“You’re tragically flawed Dad, but you’ve got a good heart”
Californication is the brainchild of Tom Kapinos, who was previously known for his work on Dawson’s Creek. This series is a far cry from the ‘Creek, following the exploits of a failing New York writer as he struggles to reclaim his lost love in the city he’s grown to hate.
Hank Moody (David Duchovny) is a guy with a different set of problems than the rest of us: he spends most of his time drunk and/or high, falling in and out of the beds of numerous women while pining away for the love of his life that got away. He’s a writer who isn’t writing anymore, and his career is beginning to feel the strain as his agent/best friend Charlie (Evan Handler) tries to drag work out of him.
Hank moved to LA after his successful novel was purchased to become a film. The Hollywood system typically turned a book called God Hates Us All into a film starring Tom Cruise and Katie Holmes called A Crazy Little Thing Called Love, and Hank’s obsession with the film and his own celebrity left his longtime girlfriend Karen (Natascha McElhone) and their 12 year old daughter Becca (Madeleine Martin) out in the cold. She eventually turned to the charms of a client whose home she was re-decorating and left Hank. Her new fiancé Bill (Damian Young) is the antithesis of Hank, dull, safe and not as commitment-phobic; Hank was with her for 12 years and never wanted to marry.
The series opens with a series of events to set the tone of what is to follow in the season: Hank dreaming of getting head from a nun, Hank getting into a fist fight with a guy on his cellphone in a movie theater, Hank bedding a young groupie he spots in a bookstore reading his book. All of these sequences paint the picture of the man quite well; reckless, foolhardy and self-destructive. This sort of nihilistic behavior is tempered by the interactions with Karen and Becca, he is a doting father who would do anything for his precocious child, and he’s very much still in love with his ex.
The first few episodes of the season set up several major plot points as the bookstore groupie from the first episode is revealed to be Bill’s underage teen daughter Mia (Madeline Zima), the next job Charlie finds for Hank is writing a blog for Hell-A Magazine, which is owned by his rival Bill, and Charlie himself ends up in a quandary when his secretary makes untoward advances that he’s too stupid to rebuff.
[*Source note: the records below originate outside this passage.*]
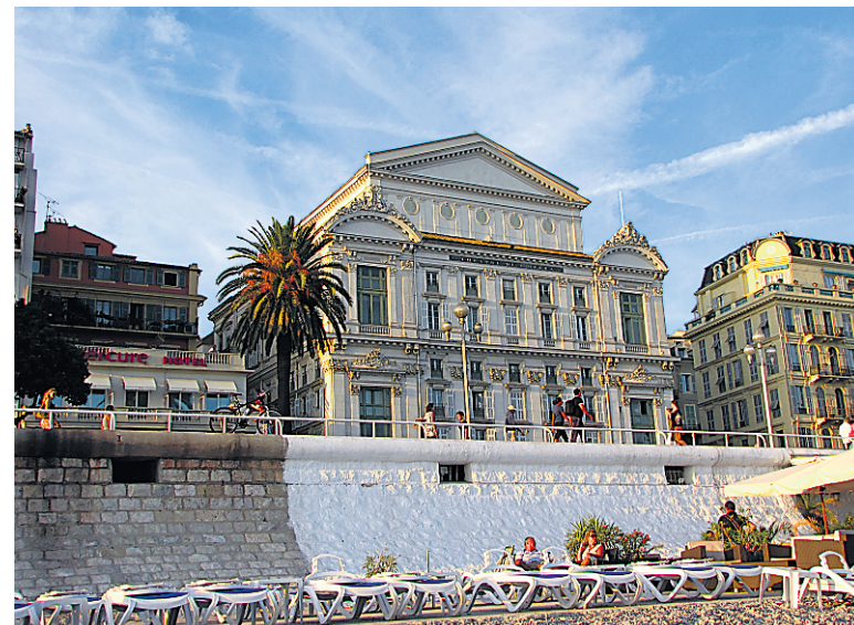
L'Opéra de Nice, monument Belle Époque, construit en 1885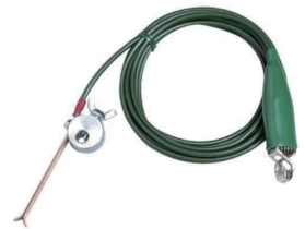
(販) メタセンアダプター各種 * 写真は深さゲージ取付用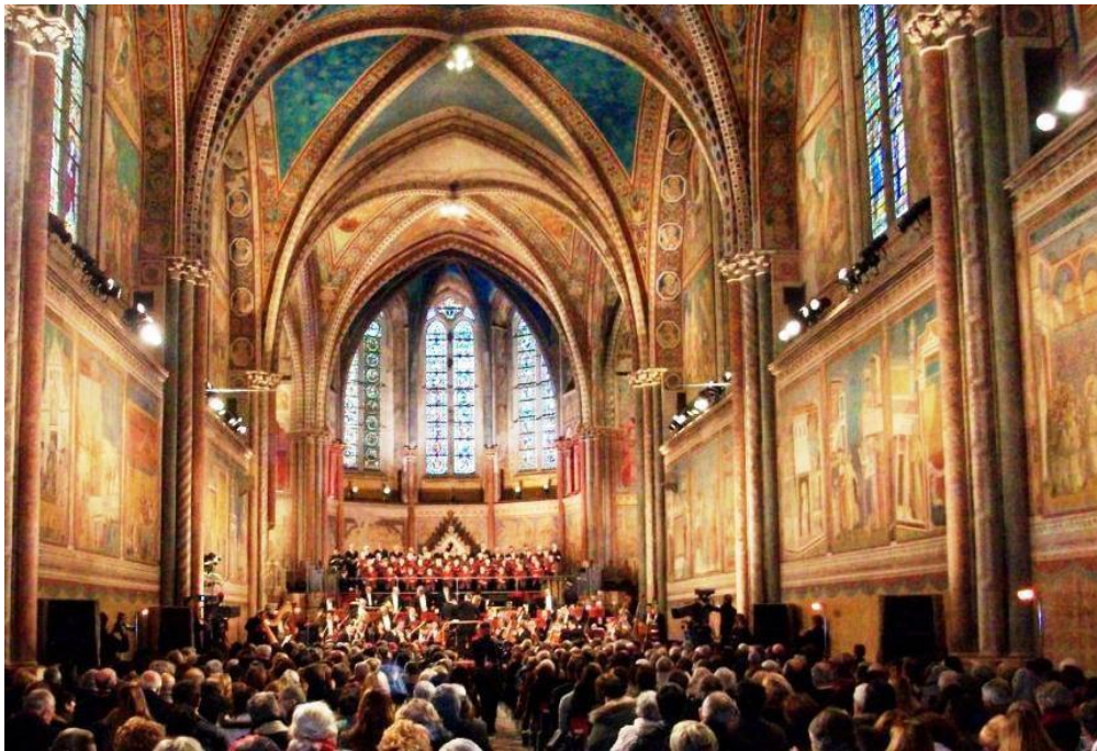
Julekoncert i Basilica di San Francesco, december 2010

I den uendeligt smukke julenat, hvor engleriget sitrer intenst i himmelsk glæde, og de efterfølgende juledage intensiveres hjælpen fra Gudsriget, som stimulerer det enkelte menneske og menneskeheden som helhed til de levendegørelser, der fører til fødslen af Kristus som Kærlighedens og Medfølelsens Herre i hjertecenter efter hjertecenter over hele Jorden. Vi kan år for år vælge at gå mere og mere indad og lade os absorbere dybere og dybere ind i englerigets uendeligt smukke indstrømning af ekstatisk glæde, kærlighed og fred og dermed lade Kristus fødes på dybere og dybere niveauer. Samtidigt med, at vore hjerter fyldes af det indre Kristusliv, kan vi lade dette liv strømme videre ud i menneskeheden kollektive hjertelag. Denne indre opmærksomhed og tjeneste er for mange af os den største gave, som vi kan give ikke blot til vore nærmeste, men også til alle vore øvrige brødre og søstre på vor smukke men lidelsesfyldte og trængselsplagede jord.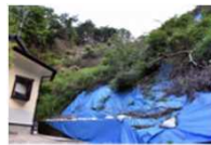
豪雨の度に土砂崩れが多発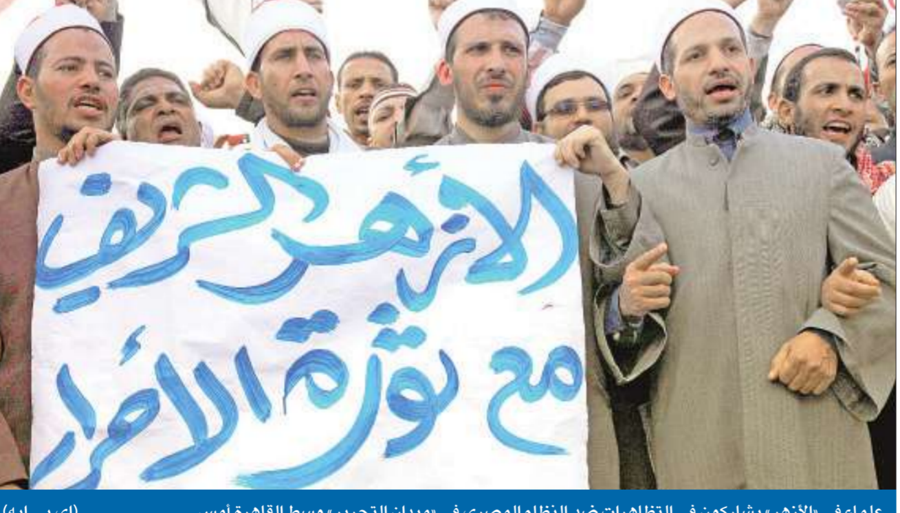
علماء في الأزهر، يشاركون في التظاهرات ضد النظام المصري في ميدان التحرير، وسط القاهرة أمس

«شباب التحرير» يناشدون شيخ الأزهر الاستقالة و«الإخوان» تدرس الانسحاب من الحوار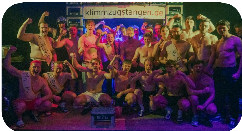
Bilder: T. Tolhuysen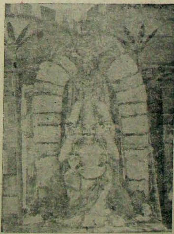
బంగారు గరుడవాహనారూఢులైన శ్రీ నరసింహస్వామి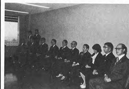
10.9一地域のスポーツ活動のリーダーとして県のスポーツ振興に努めた「スポーツ功労者」の表彰式が行われ、10人が表彰されました。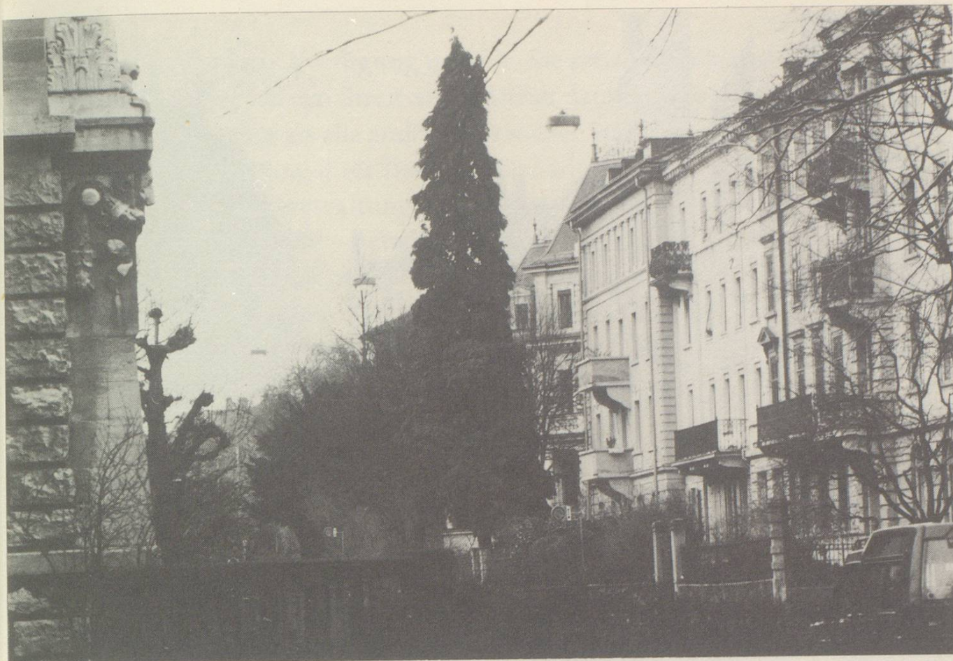
Im geschützten Ortsbild spielen viele Elemente eine Rolle: Vorgärten, Bäume, Mauern, Gartentore, Treppen, Balkone, Strassenbeläge . . . Als Beispiel: Notkerstrasse im zentrurnahen Museumsquartier.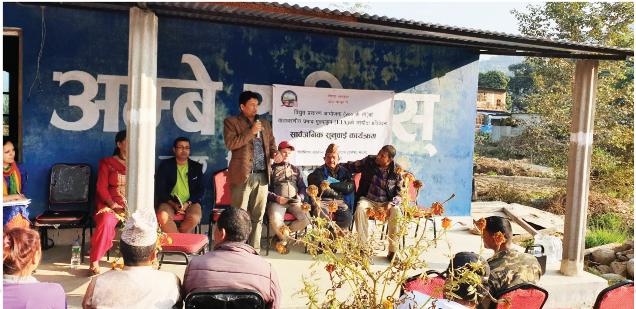
विसं २०७६ मङ्सिर १० गते नुवाकोटको लिखु गाउँपालिकास्थित छहरेमा सञ्चालन गरिएको वातावरणीय प्रभाव मूल्याङ्कनसम्बन्धी सार्वजनिक सुनुवाई ।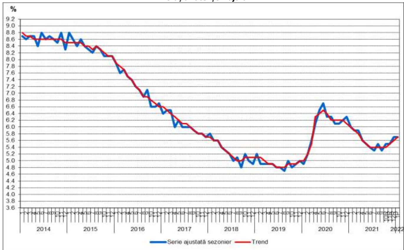
Evoluția ratei șomajului

R Date revizuite, P Date provizorii - conform politicii de revizuire a datelor (vezi punctul 6 din Precizări metodologice ).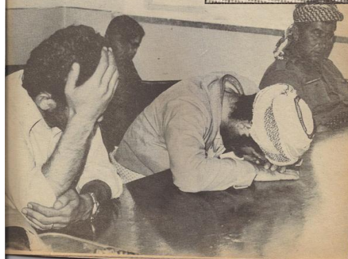
مرداد ۱۳۵۸

رابطه‌ی تشکیلاتی با این سازمان نداشته‌اند.

Charlie’s marriage to his wife Marcy (Pamela Adlon) is threatened over the course of the season, but with very comedic results. Becca tries her hand at becoming a rock star, Mia makes Hank’s life difficult in a variety of ways and virtually every woman who wanders into the show may end up sleeping with Hank.
The show’s writing is amazingly sharp and fun to watch, though the viewer may tire of the ease with which Hank manages to bed any woman he happens upon, but hey, the show would be a lot more boring if that weren’t the case.
Californication arrives on a two disc set that includes all 12 episodes of season one, as well as cast bios, a still gallery and web enabled content that provides access to the first two episodes of Dexter and The Tudors, a preview of the show’s soundtrack, and a chance to enter a contest to win a trip to Los Cabo, Mexico.
I personally love this show, it’s not going to be for anyone who’s easily offended, but for fans of clever writing and edgy material this is well worth a look.
Damian Lewis is not in Californication
Aw crap, you’re right, I mixed the actor’s first name with his character’s last name.